**Given information**
▼▼▼

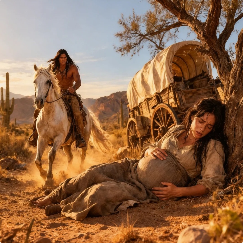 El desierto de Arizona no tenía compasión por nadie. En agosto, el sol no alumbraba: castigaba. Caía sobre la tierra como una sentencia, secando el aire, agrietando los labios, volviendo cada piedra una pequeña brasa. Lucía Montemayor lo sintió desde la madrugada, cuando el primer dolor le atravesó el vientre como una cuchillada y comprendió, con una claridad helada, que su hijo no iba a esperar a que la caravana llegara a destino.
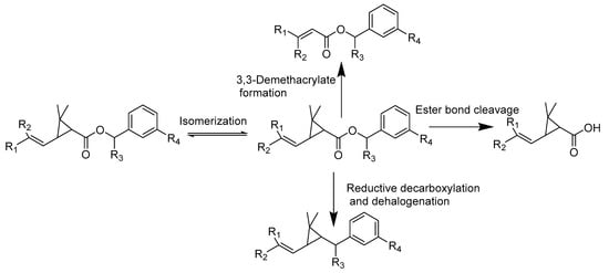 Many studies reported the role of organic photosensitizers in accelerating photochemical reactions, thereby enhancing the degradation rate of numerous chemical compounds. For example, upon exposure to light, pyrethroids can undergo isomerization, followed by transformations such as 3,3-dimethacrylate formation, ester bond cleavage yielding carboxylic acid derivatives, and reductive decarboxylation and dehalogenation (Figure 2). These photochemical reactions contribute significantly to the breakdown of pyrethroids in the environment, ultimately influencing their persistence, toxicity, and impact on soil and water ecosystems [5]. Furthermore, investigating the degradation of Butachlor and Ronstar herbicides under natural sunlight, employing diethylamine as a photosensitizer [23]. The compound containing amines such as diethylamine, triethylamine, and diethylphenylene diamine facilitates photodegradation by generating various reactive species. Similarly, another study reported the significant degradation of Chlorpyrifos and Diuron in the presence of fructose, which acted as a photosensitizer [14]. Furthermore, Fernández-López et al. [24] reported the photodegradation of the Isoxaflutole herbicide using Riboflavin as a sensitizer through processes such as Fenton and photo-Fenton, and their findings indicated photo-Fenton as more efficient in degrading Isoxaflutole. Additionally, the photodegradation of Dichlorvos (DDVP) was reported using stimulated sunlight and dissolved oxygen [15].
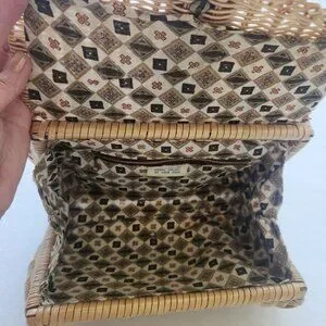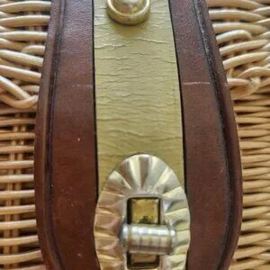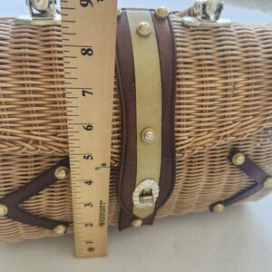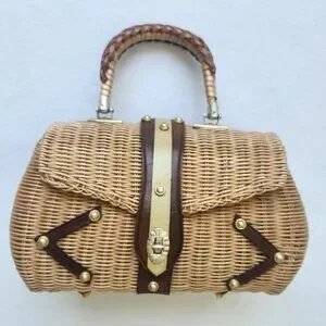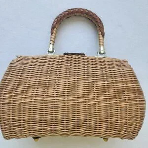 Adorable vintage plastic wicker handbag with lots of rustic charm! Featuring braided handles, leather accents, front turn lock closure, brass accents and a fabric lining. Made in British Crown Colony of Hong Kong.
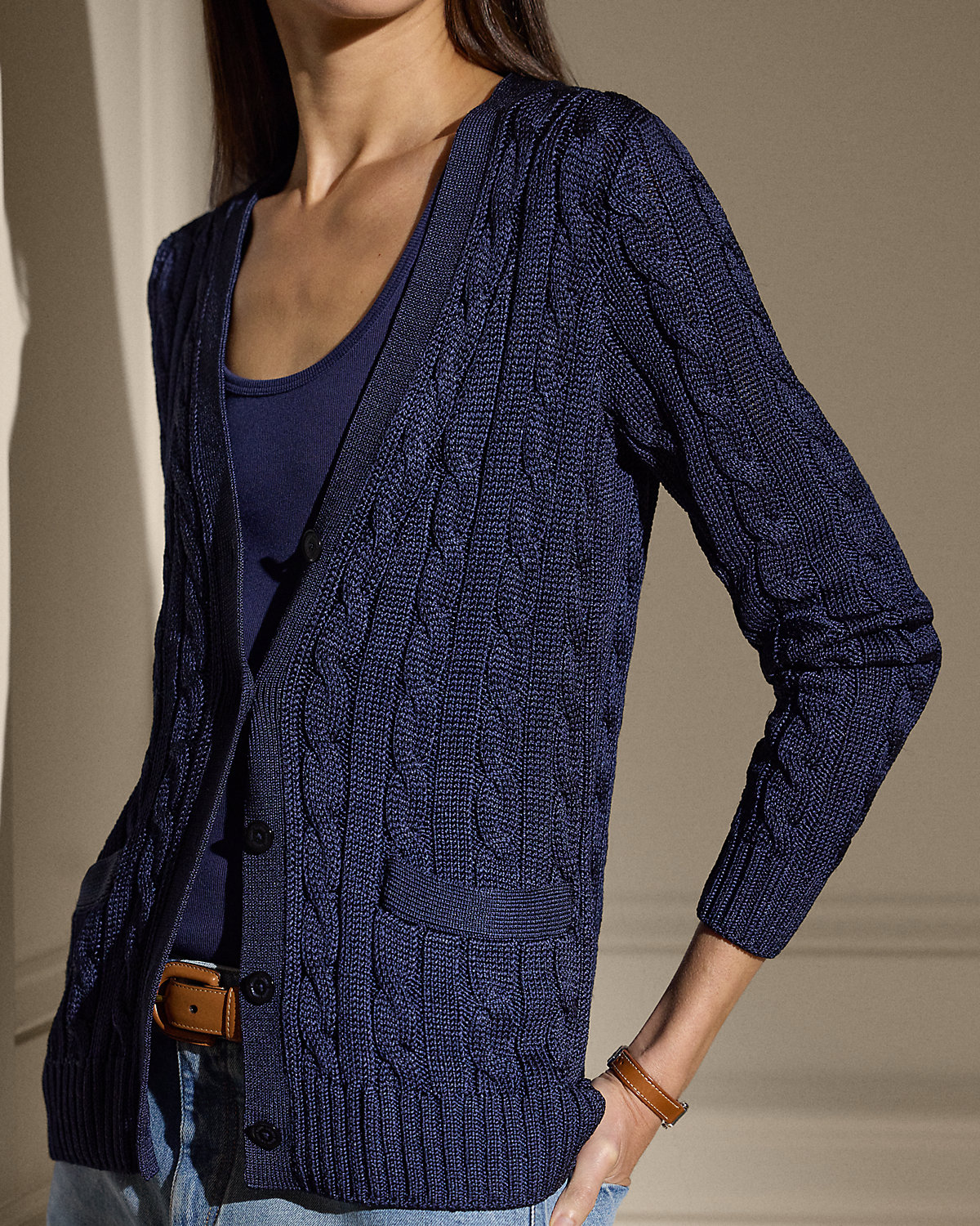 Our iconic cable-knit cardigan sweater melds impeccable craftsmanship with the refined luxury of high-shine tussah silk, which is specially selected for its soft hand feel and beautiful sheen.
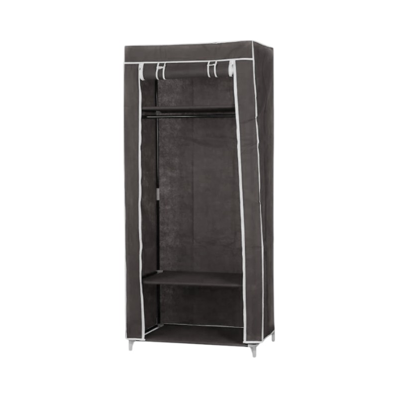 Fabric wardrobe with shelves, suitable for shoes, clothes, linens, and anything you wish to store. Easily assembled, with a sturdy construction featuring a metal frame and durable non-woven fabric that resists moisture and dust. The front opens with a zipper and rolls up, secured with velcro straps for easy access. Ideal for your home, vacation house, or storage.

▲▲▲

**What this task involves**
Make an exact copy of the records above. Keep out every picture.

**Solution for this problem**
 El desierto de Arizona no tenía compasión por nadie. En agosto, el sol no alumbraba: castigaba. Caía sobre la tierra como una sentencia, secando el aire, agrietando los labios, volviendo cada piedra una pequeña brasa. Lucía Montemayor lo sintió desde la madrugada, cuando el primer dolor le atravesó el vientre como una cuchillada y comprendió, con una claridad helada, que su hijo no iba a esperar a que la caravana llegara a destino.
 Many studies reported the role of organic photosensitizers in accelerating photochemical reactions, thereby enhancing the degradation rate of numerous chemical compounds. For example, upon exposure to light, pyrethroids can undergo isomerization, followed by transformations such as 3,3-dimethacrylate formation, ester bond cleavage yielding carboxylic acid derivatives, and reductive decarboxylation and dehalogenation (Figure 2). These photochemical reactions contribute significantly to the breakdown of pyrethroids in the environment, ultimately influencing their persistence, toxicity, and impact on soil and water ecosystems [5]. Furthermore, investigating the degradation of Butachlor and Ronstar herbicides under natural sunlight, employing diethylamine as a photosensitizer [23]. The compound containing amines such as diethylamine, triethylamine, and diethylphenylene diamine facilitates photodegradation by generating various reactive species. Similarly, another study reported the significant degradation of Chlorpyrifos and Diuron in the presence of fructose, which acted as a photosensitizer [14]. Furthermore, Fernández-López et al. [24] reported the photodegradation of the Isoxaflutole herbicide using Riboflavin as a sensitizer through processes such as Fenton and photo-Fenton, and their findings indicated photo-Fenton as more efficient in degrading Isoxaflutole. Additionally, the photodegradation of Dichlorvos (DDVP) was reported using stimulated sunlight and dissolved oxygen [15].
 Adorable vintage plastic wicker handbag with lots of rustic charm! Featuring braided handles, leather accents, front turn lock closure, brass accents and a fabric lining. Made in British Crown Colony of Hong Kong.
 Our iconic cable-knit cardigan sweater melds impeccable craftsmanship with the refined luxury of high-shine tussah silk, which is specially selected for its soft hand feel and beautiful sheen.
 Fabric wardrobe with shelves, suitable for shoes, clothes, linens, and anything you wish to store. Easily assembled, with a sturdy construction featuring a metal frame and durable non-woven fabric that resists moisture and dust. The front opens with a zipper and rolls up, secured with velcro straps for easy access. Ideal for your home, vacation house, or storage.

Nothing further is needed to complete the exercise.